• PROBLEM:
Pictures are not repeated. Every line from the beginning of the entries through the one with "Este design apresenta" is restated exactly.

• INFORMATION GIVEN:

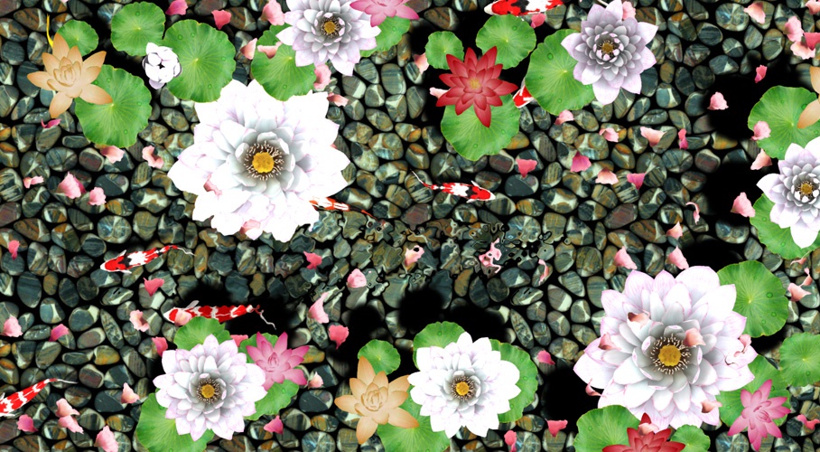 游客走过的路上会出现水波纹,可外部替换背景音乐。
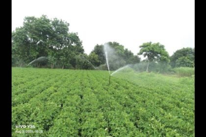 વરસાદની અછતને કારણે ખેડૂતો ફુવારા પદ્ધતિથી પિયત કરવા મજબૂર બન્યા
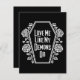 Este design apresenta uma estética gótica com uma estrutura em forma de caixão branca e negrito. Dentro, a frase **"Love Me Like My Demons Do"** é escrita em letras impressionantes no estilo gótico. Ao redor do caixão estão rosas e folhas brancas detalhadas, acrescentando um toque romântico e dramático escuro à trabalho de arte.
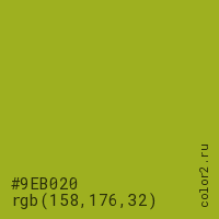 Цвет #9EB020 в цветовой модели RGB обозначается тремя октетами (158, 176, 32) в десятичном формате и #9EB020 в шестнадцатиричном (hex) формате, которые являются интенсивностью красного 158 (hex 9E), интенсивность зелёного 176 (hex B0) и интенсивность синего 32 (hex 20).
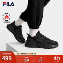 斐乐(FILA)官方火星2加绒复古跑步鞋女鞋冬季新款黑色老爹鞋运动休闲鞋 黑-BK 35.5
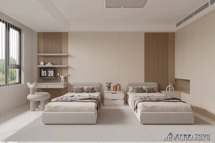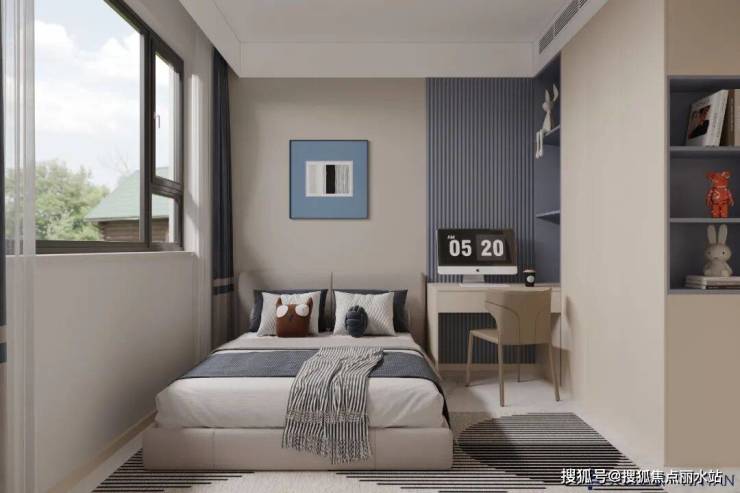 此房间用来做榻榻米,衣柜+储物吊顶+书桌+榻榻米可以高效利用空间,满足收纳与多功能空间的需求,颜值与收纳并存。

• SOLUTION:
 游客走过的路上会出现水波纹,可外部替换背景音乐。
 વરસાદની અછતને કારણે ખેડૂતો ફુવારા પદ્ધતિથી પિયત કરવા મજબૂર બન્યા
 Este design apresenta uma estética gótica com uma estrutura em forma de caixão branca e negrito. Dentro, a frase **"Love Me Like My Demons Do"** é escrita em letras impressionantes no estilo gótico. Ao redor do caixão estão rosas e folhas brancas detalhadas, acrescentando um toque romântico e dramático escuro à trabalho de arte.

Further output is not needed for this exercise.